Project tasks: The project can be broken down into the following high level tasks: Scripting and cleaning: Scripts will need to be written responsible for reading the CSV files in which the research data is currently saved in, processing that data and storing it into a database. Full stack application: A front-end interface that will allow the user to search, filter and view the findings. A backend that can perform fetch operations from the database, dynamically create a dataframe on the underlying data, perform statistical methods on the dataframe and return the response to the client.
Clear goal(s) (e.g. Successfully predict the number of students attending lecture based on the weather report).
- Predict the abundance of a plant pathogen across the United States based off pH and temperature
What data needs to be collected and how you will collect it (e.g. scraping xyz website or polling students).
- CSVs
How you plan on modeling the data (e.g. clustering, fitting a linear model, decision trees, XGBoost, some sort of deep learning method, etc.).
- Multivariate regression of abundance using multiple predictors
How do you plan on visualizing the data? (e.g. interactive t-SNE plot, scatter plot of feature x vs. feature y).
- Scatter plots (pH and temp as x) (abundance as y), filter by biome
What is your test plan? (e.g. withhold 20% of data for testing, train on data collected in October and test on data collected in November, etc.).
- Standard 80 - 20 split on available data
there is a bunch of data to use all in
https://github.com/zoey-rw/soil_microbe_GEMs/tree/master/comets_shinyapp_example
Midterm Report:
Data Proccessing: The data preprocessing starts with loading organism abundance and environmental data from 'species_abundance_filt.csv' and 'organism_data_to_subset.csv'. These datasets are merged on matching species identifiers.

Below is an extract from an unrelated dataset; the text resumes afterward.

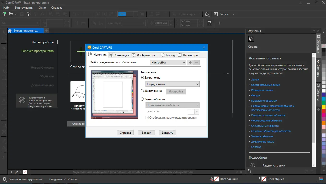 После установки приложение запускается с выбором одного из предустановленных рабочих пространств: «Макет страницы», «Иллюстрация» или совместимого с Adobe. Пользователь может настроить панели инструментов, палитры и свойства под индивидуальные нужды через систему быстрой настройки. Работа с векторными объектами начинается с выбора инструмента рисования, после чего применяются заливки, контуры и эффекты. Для редактирования изображений используется Corel PHOTO-PAINT с возможностью применения спецэффектов, коррекции цвета и работы с RAW-файлами. Экспорт в веб-форматы осуществляется через пиксельный режим и оптимизированные настройки экспорта.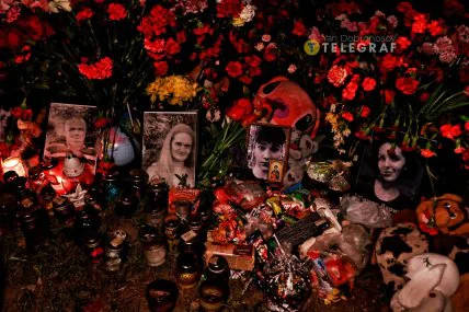 В ночь на 24 апреля российские оккупанты нанесли массированный ракетный удар по Киеву, что привело к гибели 13 человек. После этого местные жители создали стихийный мемориал в память о жертвах обстрела жилой многоэтажки в Святошинском районе.

Next, we find some relevant features like soil temperature, pH and moisture and select them. Duplicates are then removed and we fill missing values with mean values. The data is then split into 70% training and 30% testing sets. Finally, we use StandardScaler to transform the features to zero-mean and unit-variance distributions for better model performance later on.
predictive model: we aimed to predict the abundance of specific microbial species based on environmental factors, using pH and temperature as primary predictors. To achieve this, we merged two datasets: one containing environmental preferences for various species and another with abundance data, filtered to align through a shared species identifier. After merging, we selected the columns pH_preference, temperature_preference, and percentage (abundance) to serve as features and target variables.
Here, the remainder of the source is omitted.